Which therapy is described as a last resort for life-threatening dysrhythmias due to hyperkalemia?

Explanation:
In a life-threatening hyperkalemic dysrhythmia, the priority is twofold: protect the heart and rapid reduction of potassium. Calcium chloride stabilizes the myocardial cell membranes, raising the threshold for depolarization so the risk of dangerous rhythms drops immediately. It doesn’t lower potassium itself, but it buys crucial time by preventing further electrical instability. Sodium bicarbonate helps by alkalinizing the blood, which drives potassium back into cells and can help counteract acidosis that often accompanies severe hyperkalemia. Using these together provides a rapid, synergistic crisis response: calcium stabilizes the heart right away, while bicarbonate nudges potassium into cells to lower the circulating level quickly. This combination is a common fast-acting approach while arranging definitive therapy such as dialysis if needed. Insulin with glucose also lowers potassium but doesn’t directly stabilize the heart, and dialysis, while definitive, is not always immediately available; the bicarbonate and calcium combo offers the most effective immediate crisis management.
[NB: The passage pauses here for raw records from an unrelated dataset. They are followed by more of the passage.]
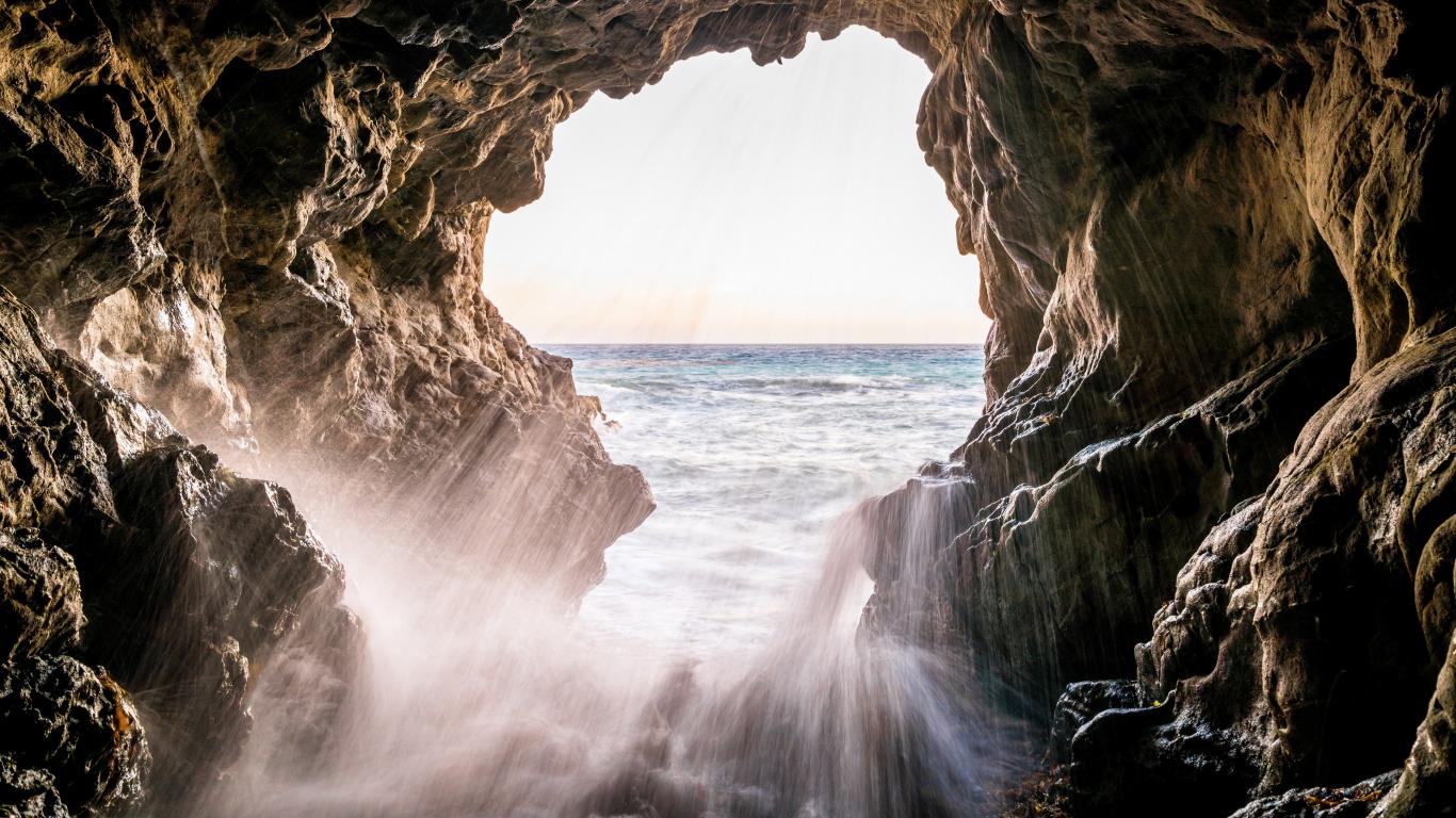 Wallpaper Splashes of the sea beat against the rocks
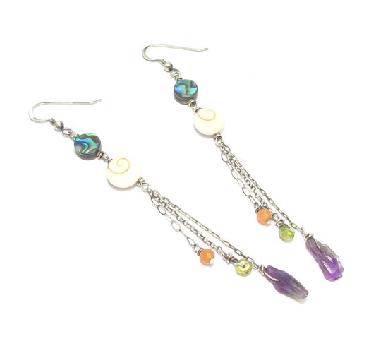 Boucles D'Oreilles Ethniques Coquillages et Pierres Naturelles
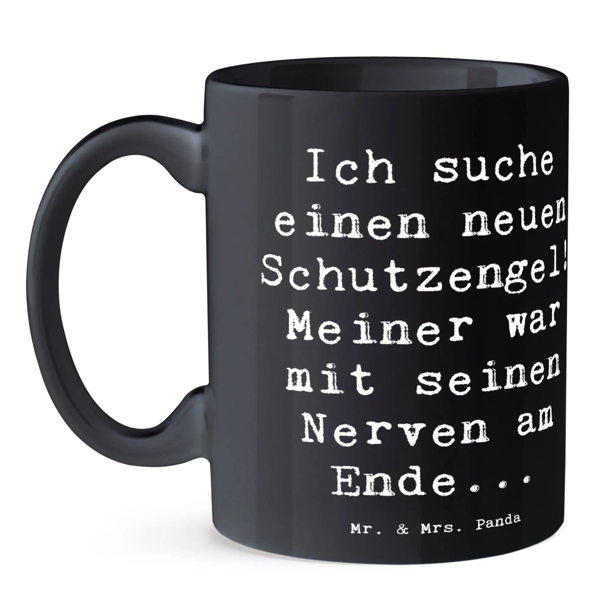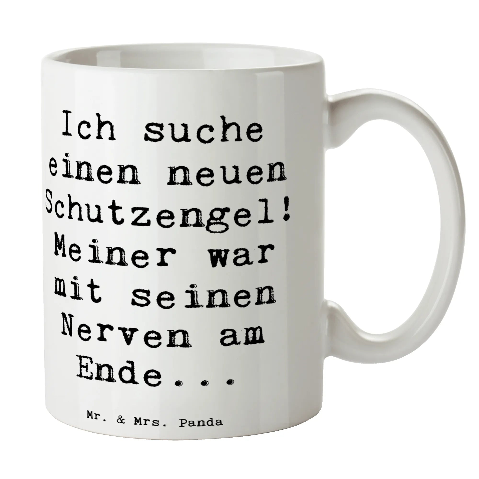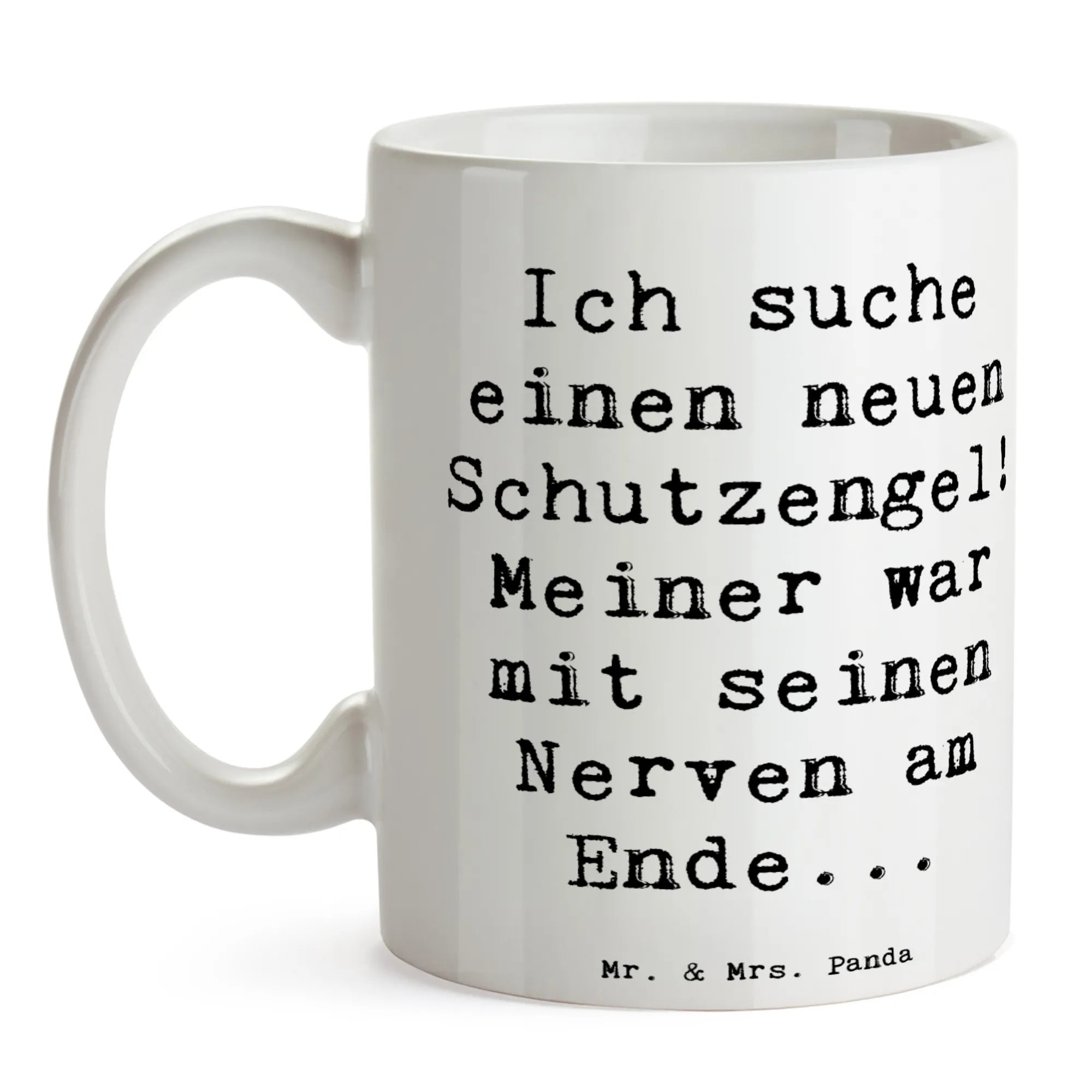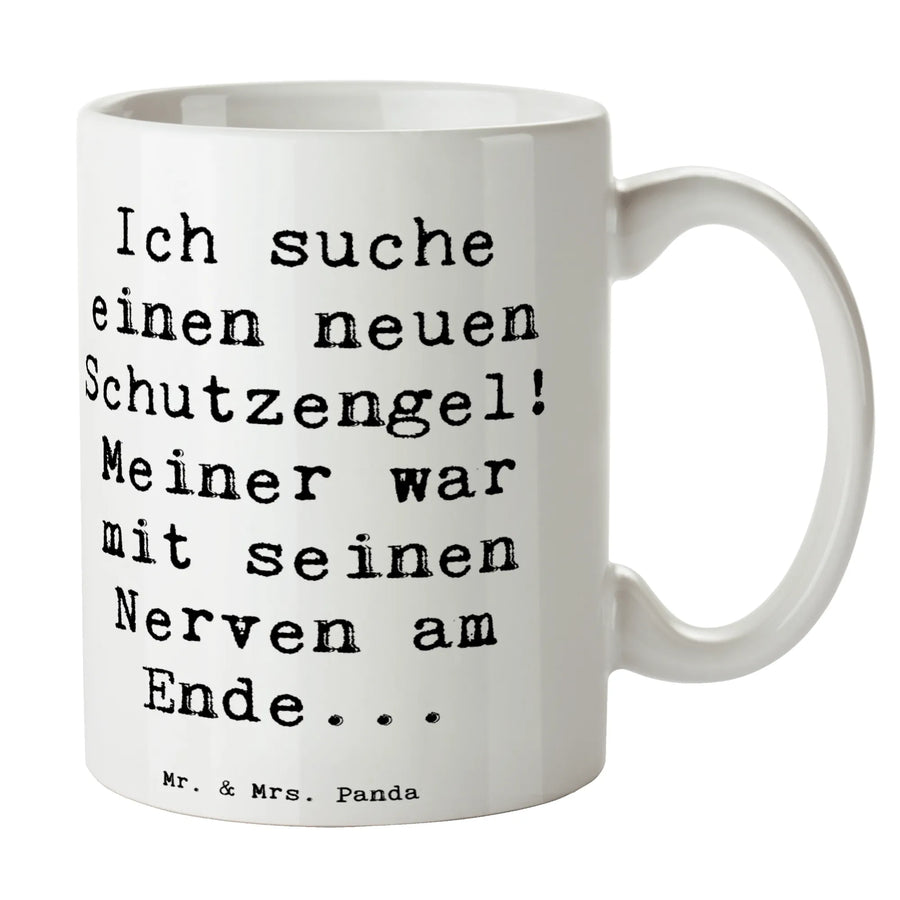 Suchst Du nach einer Tasse, die mehr als nur Kaffee hält? Unsere Mr. & Mrs. Panda Kaffeetasse aus der Kollektion Gefühle & Stimmungen kombiniert Humor mit Herz. Der freche Spruch „Ich suche einen neuen Schutzengel! Meiner war mit seinen Nerven am Ende...“ sorgt für ein Schmunzeln bei jedem Schluck. Die Meeresbrise-Farbe verleiht der Tasse Ruhe und einen modernen Look.
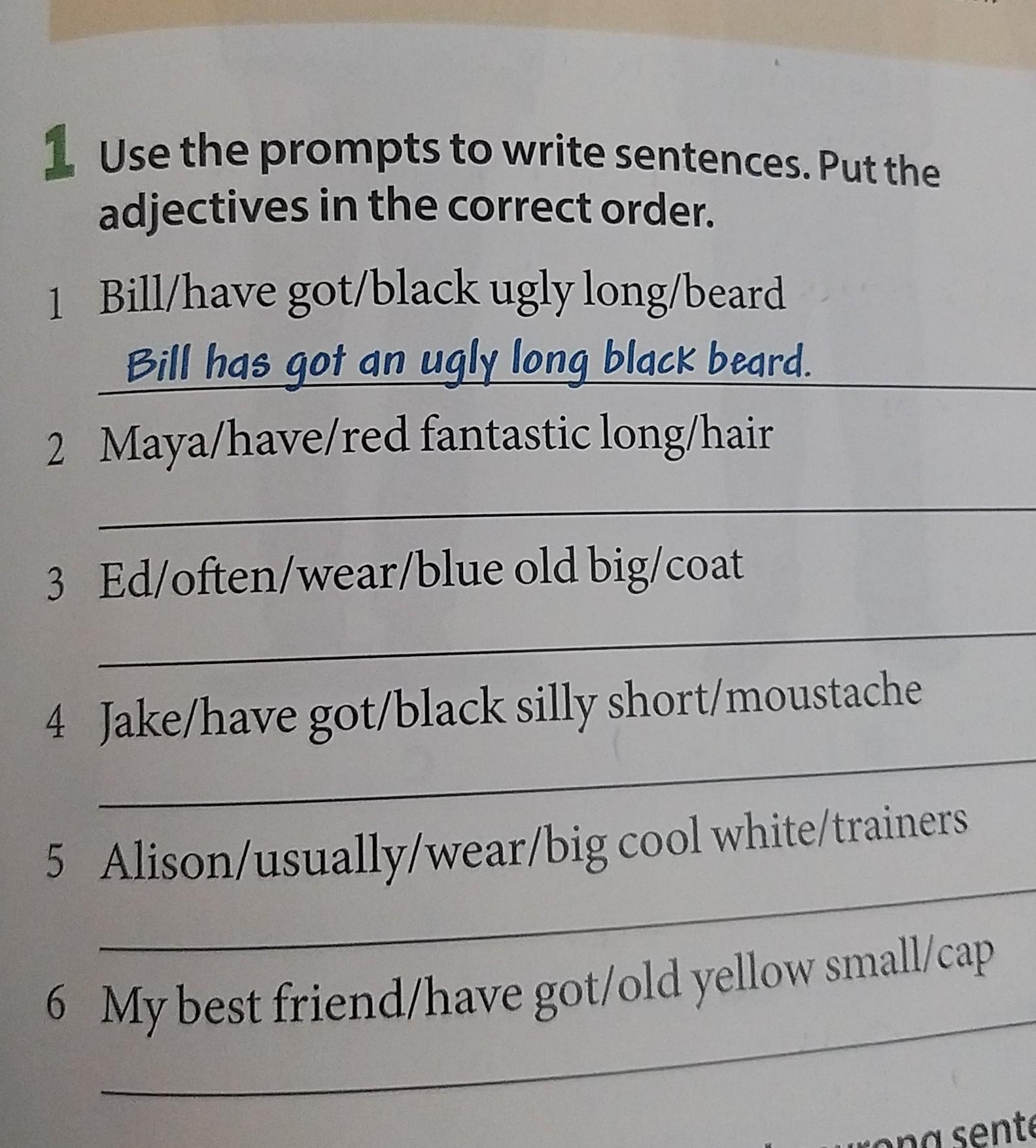 Maya has got a fantastic long red hair.Ed often wear an old big blue coat.Jake has got a silly short black moustache.Alison usually wear a cool big white trainers.My best friend has got a old small yellow cap.

In a life-threatening hyperkalemic dysrhythmia, the priority is twofold: protect the heart and rapid reduction of potassium. Calcium chloride stabilizes the myocardial cell membranes, raising the threshold for depolarization so the risk of dangerous rhythms drops immediately. It doesn’t lower potassium itself, but it buys crucial time by preventing further electrical instability. Sodium bicarbonate helps by alkalinizing the blood, which drives potassium back into cells and can help counteract acidosis that often accompanies severe hyperkalemia. Using these together provides a rapid, synergistic crisis response: calcium stabilizes the heart right away, while bicarbonate nudges potassium into cells to lower the circulating level quickly. This combination is a common fast-acting approach while arranging definitive therapy such as dialysis if needed. Insulin with glucose also lowers potassium but doesn’t directly stabilize the heart, and dialysis, while definitive, is not always immediately available; the bicarbonate and calcium combo offers the most effective immediate crisis management.